The largest-ever autism genome research project funded by the Autism Speaks discovered the genetic basis of autism before more complex than believed, most autistic spectrum disorders (ASD) in patients with autistic siblings have different relevant gene.
The findings were published as the cover article in the 26th issue of “Nature Medicine” magazine, while nearly 1000 autism genomic data obtained in the study historic first uploaded to the cloud platform based on Google Autism SpeaksMSSNG portal, These data have been identified will be open to researchers around the world to accelerate the understanding of autism and develop personalized treatments.
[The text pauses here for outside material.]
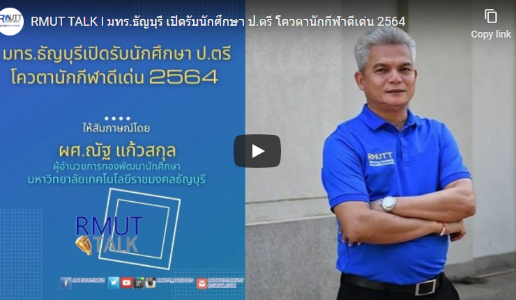 RMUT TALK I มทร.ธัญบุรี เปิดรับนักศึกษา ป.ตรี โควตานักกีฬาดีเด่น 2564 . สัมภาษณ์ ผศ.ณัฐ แก้วสกุล ผู้อำนวยการกองพัฒนานักศึกษา มทร.ธัญบุรี . มหาวิทยาลัยเทคโนโลยีราชมงคลธัญบุรี รับสมัครคัดเลือกบุคคลเข้าศึกษาต่อระดับปริญญาตรี โควตานักกีฬาดีเด่น ม.6 ปวช. ปวส. กศน. ประจำปีการศึกษา 2564 โดยทางมหาวิทยาลัยได้เปิดรับนักศึกษาจาก โครงการพิเศษ ตามนโยบายของมหาวิทยาลัยเทคโนโลยีราชมงคลธัญบุรีโดยได้รับอนุมัติจากอธิการบดีมหาวิทยาลัยเทคโนโลยีราชมงคลธัญบุรี หนึ่งในโครงการพิเศษคือ โควตานักกีฬาดีเด่น รับผู้สมัครที่มีความสามารถโดดเด่นทางด้านกีฬาประเภท ต่าง ๆ ตามที่กำหนดไว้ในประกาศของมหาวิทยาลัย เมื่อผู้ผ่านการคัดเลือกที่มีสิทธิ์เข้าศึกษาปฏิบัติตามทุกขั้นตอนแล้ว จึงจะมีสถานะเป็นนักศึกษามหาวิทยาลัยเทคโนโลยีราชมงคลธัญบุรี ประจำปีการศึกษา 2564 โดยสมบูรณ์ เปิดรับสมัครตั้งแต่บัดนี้ – ...

Who led the Toronto Hospital for Sick Children Research Center for Applied Genomics and McLaughlin Center Director Dr. Stephen Scherer, University of Toronto, he said it was a historic day, because it marks the first time researchers worldwide will be able to use MSSNG Autism research open the complete genome sequence databases, genomic science will lead the open-access personalized treatment method appears many developmental and medical problems.
Autism Speaks chief science officer Robert Lin said, the cloud platform sharing autism genome data to researchers around the world, a new way not previously had a break barriers. Autism Speaks, as always, the goal is to accelerate scientific discovery, and ultimately improve the quality of life for autistic patients. The ultimate goal of the project is to upload MSSNG least 10,000 autism genome, while providing the most advanced “toolbox” to help analyze.
In this study, the research team of 340 Scherer genome from 85 families were sequenced, each family in the study has two autistic children. The study found that most of the brothers and sisters (69%) is almost no overlap in the known autism-related gene variants share the same genetic variants associated with autism for less than one-third.